══ Dataset ══

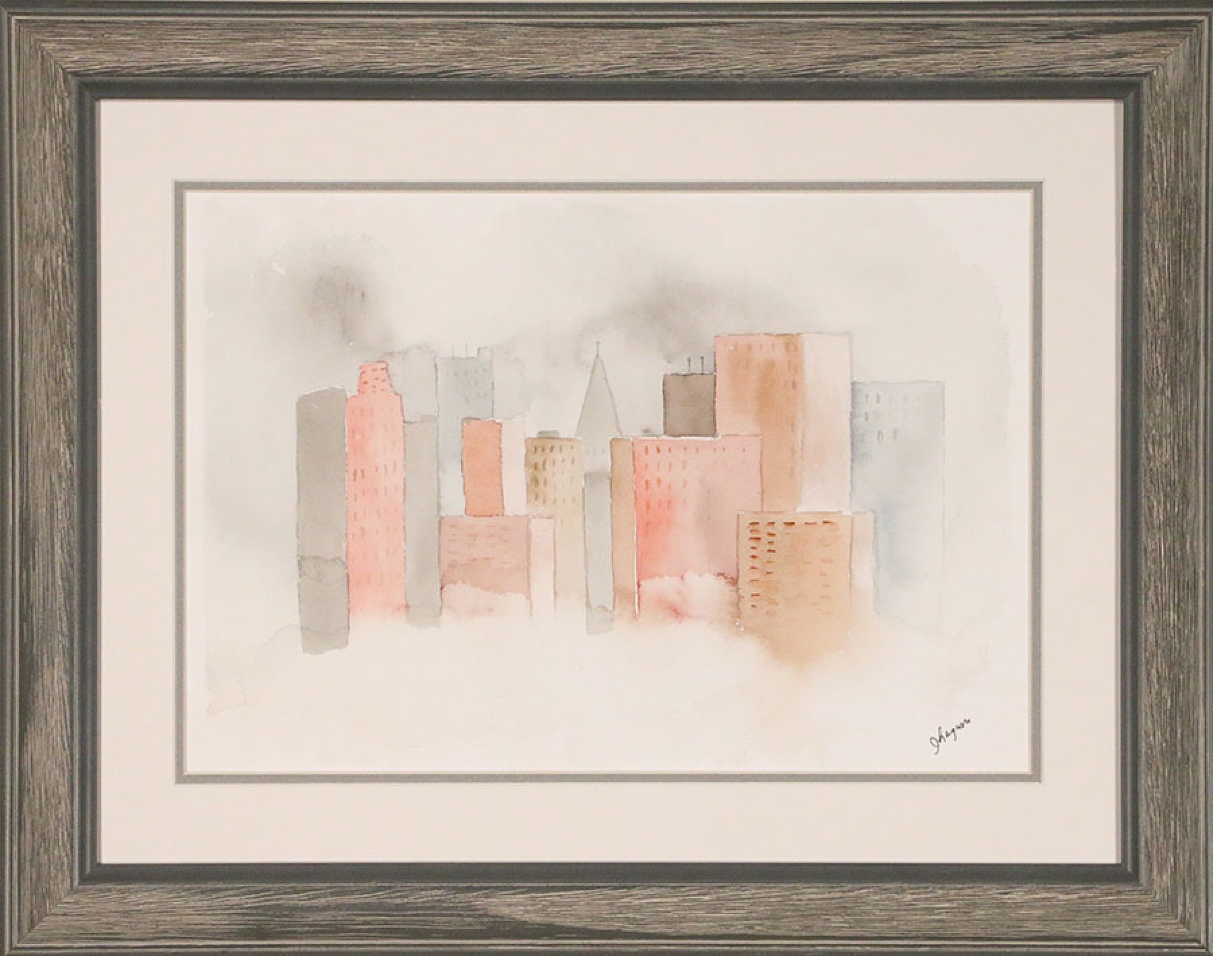 Contemporary print of a watercolor painting of the New York City skyline in a rectangular rough-hewn grey wood frame and beige double mat.
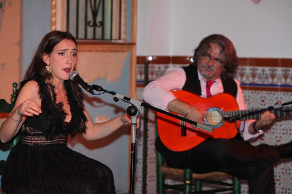 Comenzó la linarense con una vidalita que interpretó con gusto y saber; finalizada y antes de comenzar su segundo cante por alegrías, dirigió unas palabras de agradecimiento a los asistentes por su compromiso con el flamenco. Las interpretó con compás y bravura, sin esconderse, señal inequívoca de la que ofrece su cante con generosidad y entrega valiente.
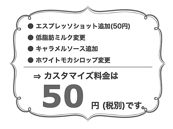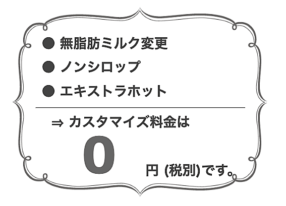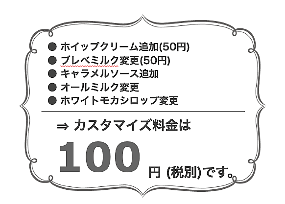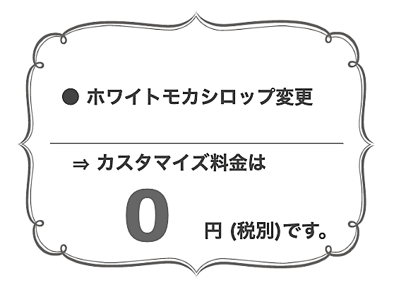 ホワイトモカはホワイトチョコレートで作られたシロップなので、とても甘くなってしまうように感じてしまうかもしれません。ですが、実際に飲んでみるとほんのりと甘さを感じられる程度。また、こちらのカスタマイズドリンクは、シロップを変更しただけなのでカスタマイズ料金はかかりません。
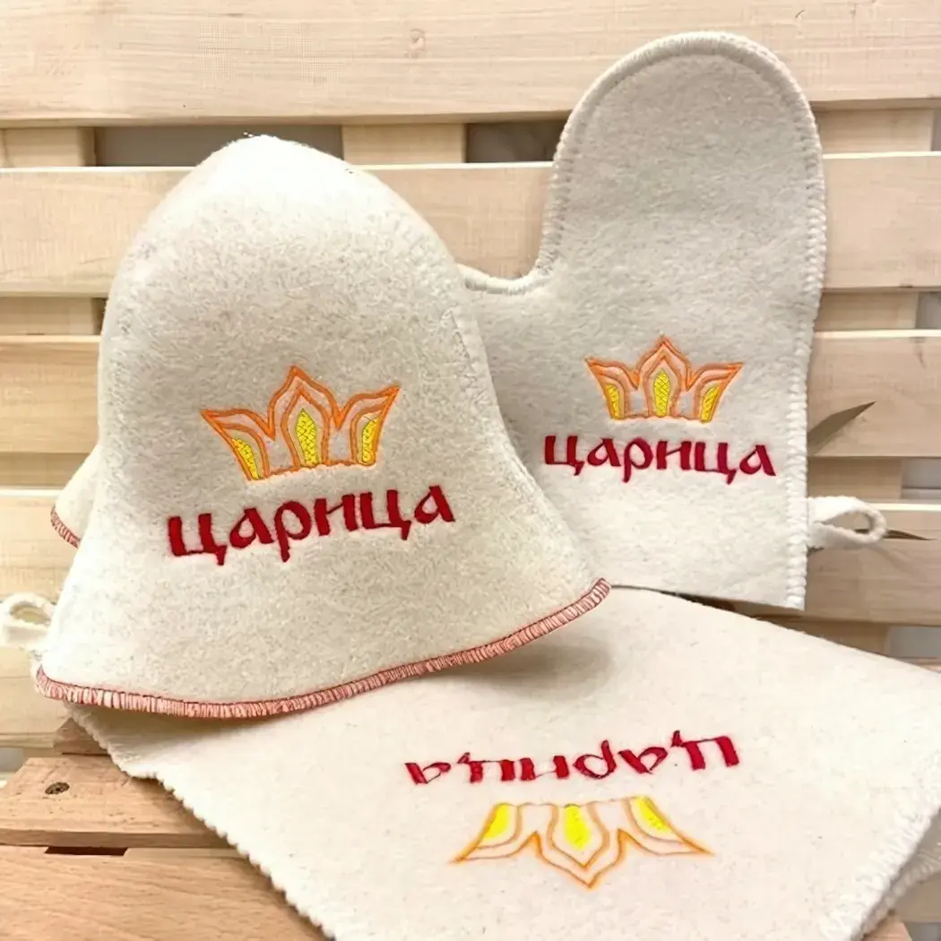 Побалуйте себя истинным spa-удовольствием с набором 'Царица', который превратит обычное посещение бани в настоящее королевское наслаждение. Мягкий войлок и изящная вышивка создают неповторимую атмосферу роскоши.
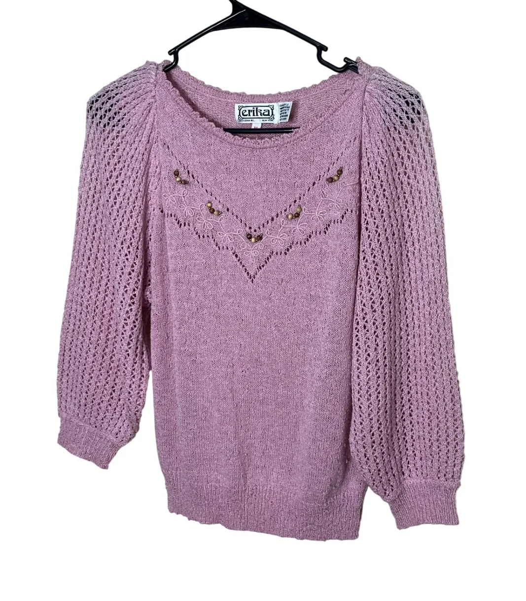 A charming pink textured knit sweater with delicate beaded floral accents. This sweater features a V-shaped pattern on the front yoke adorned with small, round wooden beads and intricate embroidered floral motifs. The sleeves are designed with a textured open-knit pattern, creating a stylish puff sleeve effect that tapers to a ribbed cuff. The neckline and hemline also feature a subtle textured trim. Style: Pullover Material: Acrylic Neckline: Round Neck Theme: Boho, Retro, Flower Type: Sweater Sleeve Length: 3/4 Sleeve Features: Lightweight, Stretch Pattern: Floral Fabric Type: Knit Accents: Beaded, Embroidered Keywords: vintage, textured, beaded, floral, knitwear, boho, feminine, retro !!!Please See Measurements vintage sizes run smaller than modern sizes!!! Measurements Length: 23 1/2 in Pit to Pit: 17 1/2 in Arm Length: 21 1/2 in
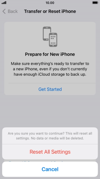 Press Reset All Settings. Wait a moment while the factory default settings are restored. Follow the instructions on the screen to set up your phone and prepare it for use.
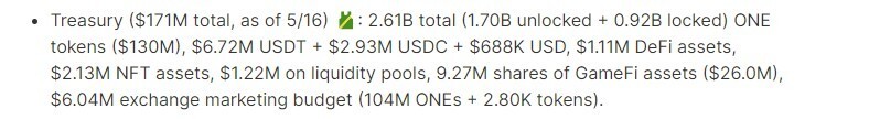 Harmony treasury as of 16th May; now totalling an estimate of a min >$40M if composition remains unchanged. Source: https://open.harmony.one/team-founding-story/may-2022-team-deliverables
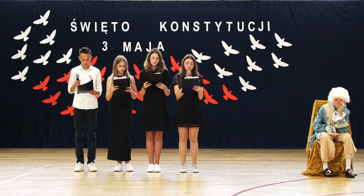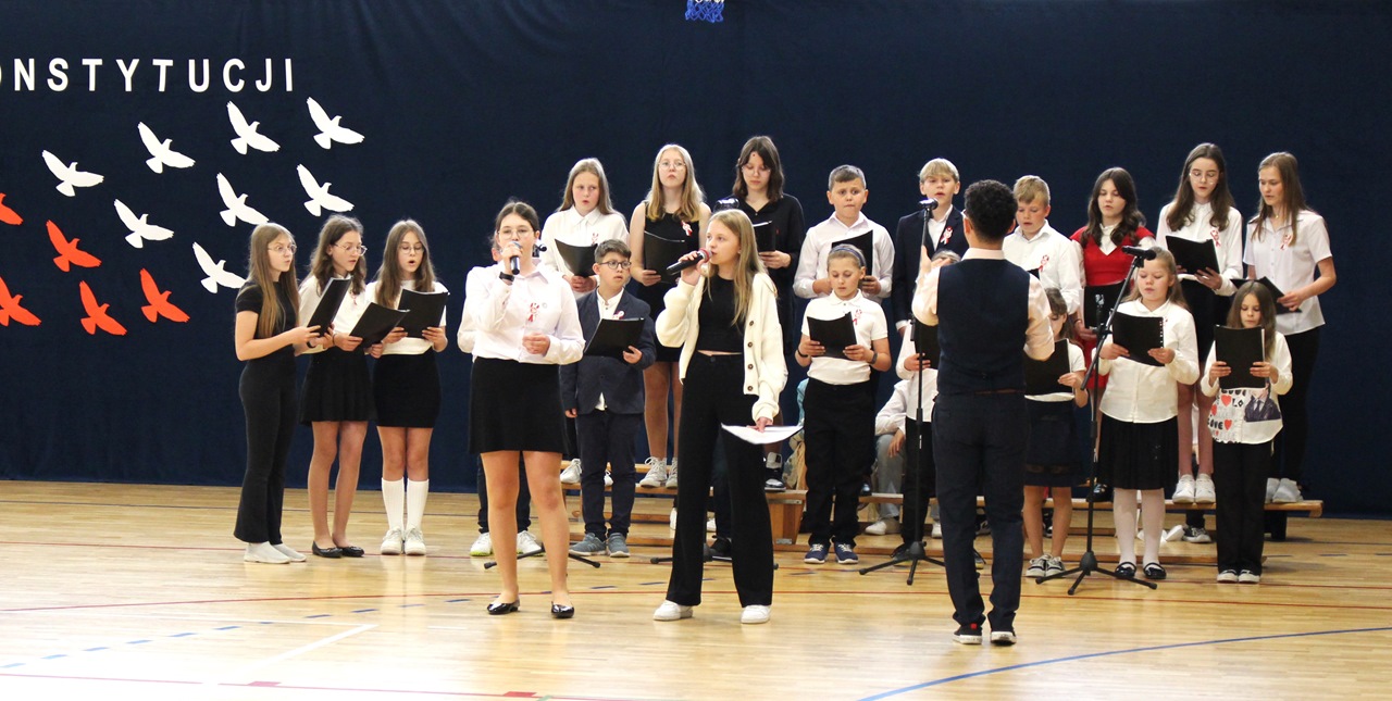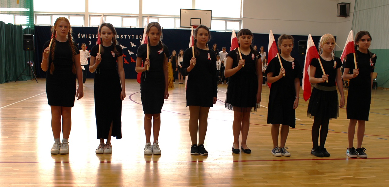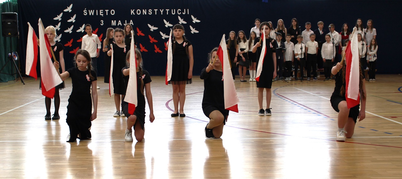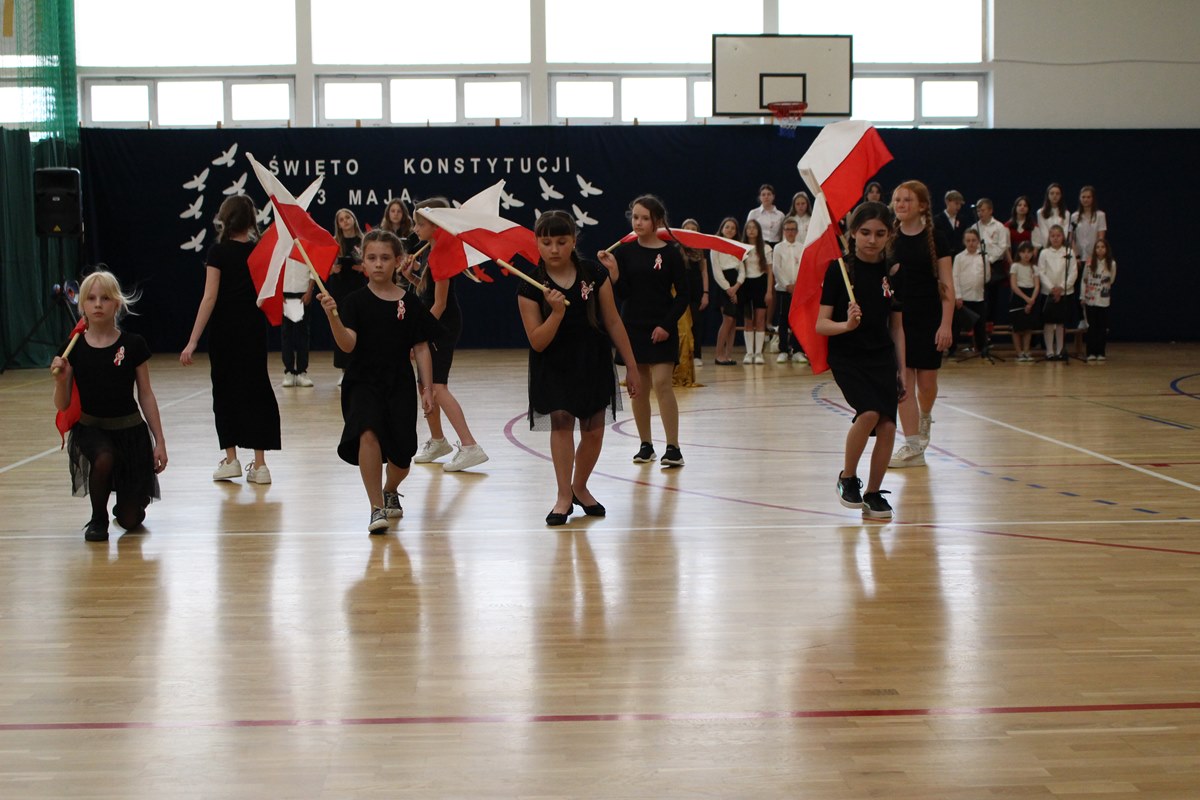 W poniedziałek, 6 maja 2024 roku w naszej szkole obchodziliśmy 233. rocznicę uchwalenia Konstytucji 3 Maja. Była to wspaniała okazja, by uzmysłowić wszystkim, jak ważną rolę i znaczenie mają słowa: Wolność, Naród i Ojczyzna. W celu podkreślenia patriotycznego charakteru uroczystości, wszyscy zebrani przybyli do hali sportowej w strojach galowych, z przypiętymi do piersi biało-czerwonymi kotylionami. Po uroczystym wprowadzeniu pocztu sztandarowego, cała społeczność Publicznej Szkoły Podstawowej w Goszczynie odśpiewała hymn państwowy. Następnie uczniowie z klas IV a i VI b oraz chór szkolny zaprezentowali część artystyczną. W wystąpieniach, wierszach i pieśniach patriotycznych opowiedzieli zebranym o doniosłym i jakże ważnym dla Polski wydarzeniu, jakim było uchwalenie Konstytucji 3 Maja. Całość uświetnił występ uczennic z klasy IV a, które wykonały przepiękny taniec z biało-czerwonymi flagami. Na zakończenie głos zabrał Dyrektor Szkoły - Pan Mariusz Wangryn, który w swoim wystąpieniu podkreślił znaczenie tej rocznicy oraz zachęcił wszystkich do pielęgnowania polskich tradycji i wartości oraz podziękował nauczycielom odpowiedzialnym za przygotowanie uroczystości.
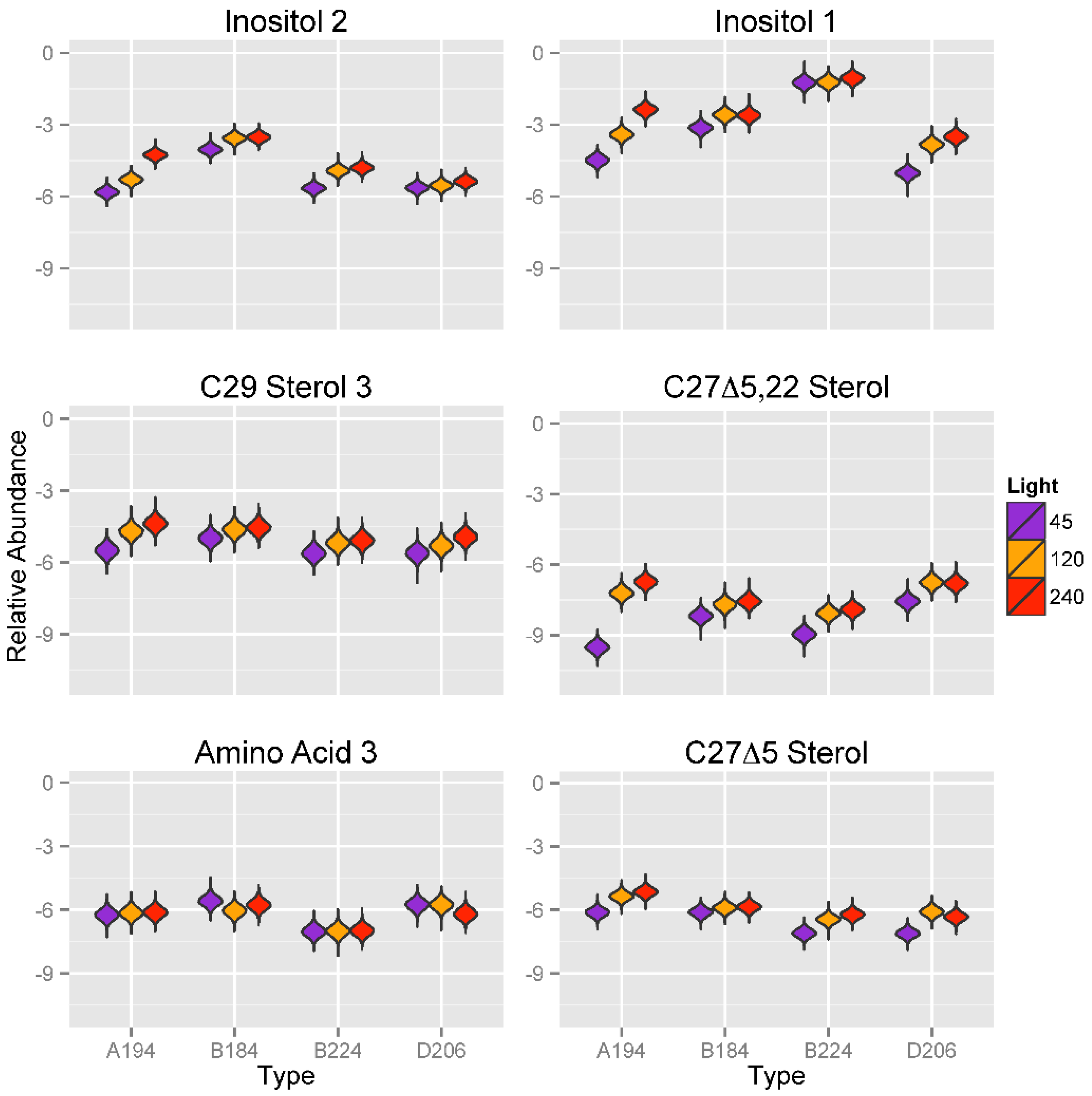 A strong effect of light intensities on the expression of two inositol compounds was identified (Figure 7). Except as noted below, for most Symbiodinium types, the metabolite abundance values of inositol compounds (Inositol 1 and 2) was significantly lower at 45 μmol photons m−20 s−1 than it was at the higher light intensities of 120 or 240 μmol photons m−20 s−1, at which abundance values tended to be similar. There were three exceptions to this pattern; Symbiodinium type A194 showed an increase for both inositol compounds from 45 to 240 μmol photons m−20 s−1, which was of approximately two orders of magnitude for Inositol 1. Metabolite abundances of Inositol 2 in Symbiodinium type D206, and Inositol 1 in Symbiodinium type B224 are similar at 45 and 120 μmol photons m−20 s−1 and only slightly elevated in 240 μmol photons m−20 s−1. A similar pattern of lower relative concentrations at lower light intensities was also seen for the three sterols, C29 Sterol 3, C27Δ5.220 Sterol 2, and C27Δ5 Sterol. For C27Δ5.22 Sterol, Symbiodinium type A194 had a dramatic increase in metabolite abundance of more than two orders of magnitude between 45 and 240 μmol photons m−20 s−1, greater than that seen for Inositol 1.
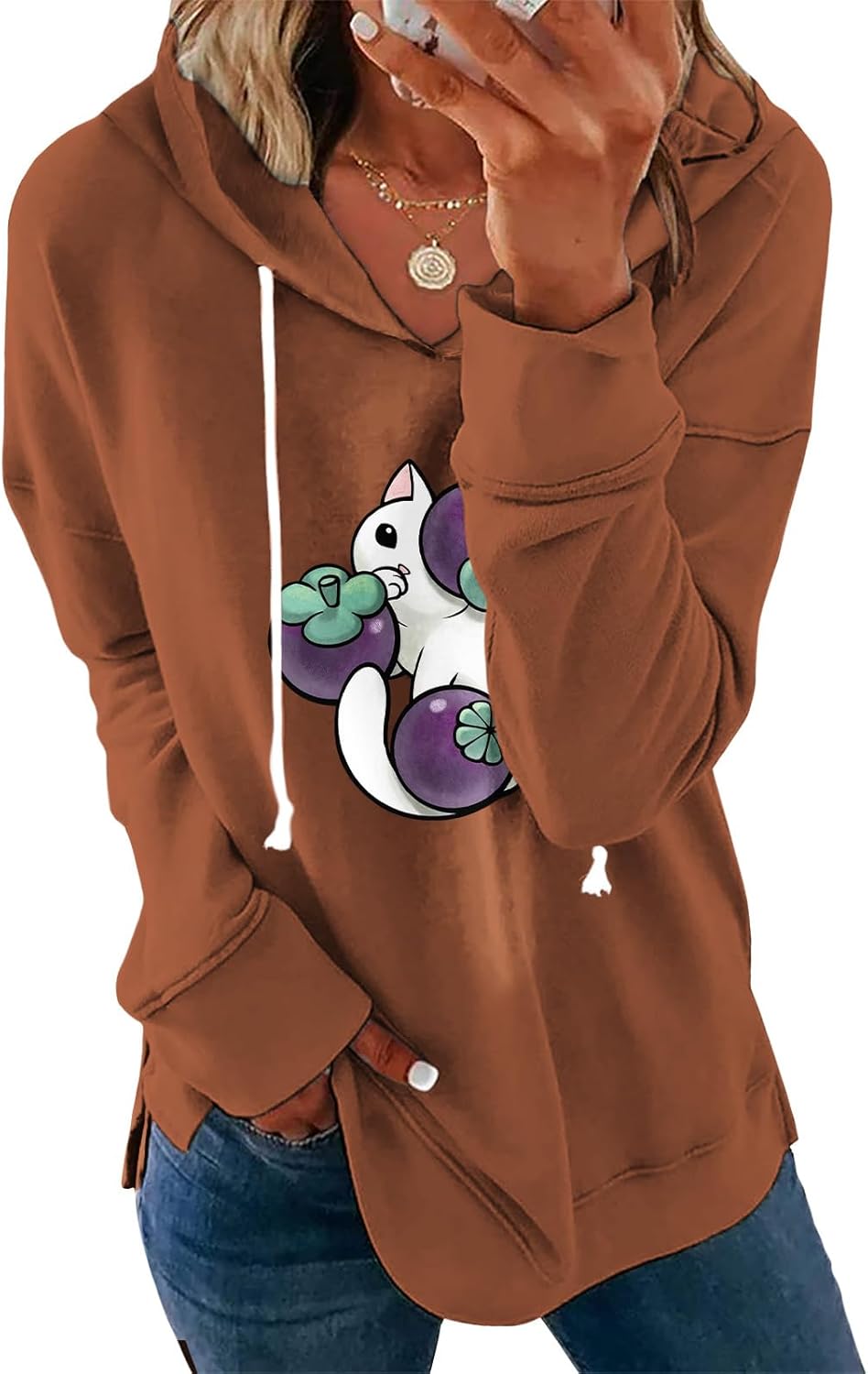 Women's White Floral Print Hoodie Long Sleeve Pullover Sweatshirt Loose Fit Cotton Blend Drawstring Hooded Top
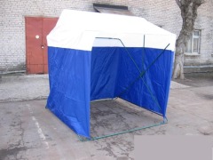 Палатка очень удобна и функциональна. Это обеспечивается, благодаря тентовому материалу, который абсолютно влагонепроницаем, и способен защитить от ветра. Ввиду этого же материала, палатка устойчива к погодным условиям, она надежна, полностью защищает товар, и работающего в ней человека, как от знойной жары, так и от дождя или снегопада. Передняя часть полностью открыта, что позволяет покупателям получать полный доступ к ассортименту товаров, которые могут находиться в палатке.
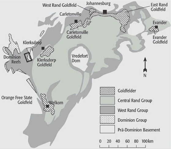 Witwatersrand Gold-Uran-Seifenlagerstätte 1: das Witwatersrand-Becken und die Lage der wichtigsten Goldfelder. Witwatersrand Gold-Uran-Seifenlagerstätte 1:

═══

#### [Task requirements]
Would you copy out, exactly and with no pictures, only the lines above from the one that contains "ホワイトモカはホワイトチョコ" through the one that contains "Побалуйте себя истинным"?

#### [Task response]
 ホワイトモカはホワイトチョコレートで作られたシロップなので、とても甘くなってしまうように感じてしまうかもしれません。ですが、実際に飲んでみるとほんのりと甘さを感じられる程度。また、こちらのカスタマイズドリンクは、シロップを変更しただけなのでカスタマイズ料金はかかりません。
 Побалуйте себя истинным spa-удовольствием с набором 'Царица', который превратит обычное посещение бани в настоящее королевское наслаждение. Мягкий войлок и изящная вышивка создают неповторимую атмосферу роскоши.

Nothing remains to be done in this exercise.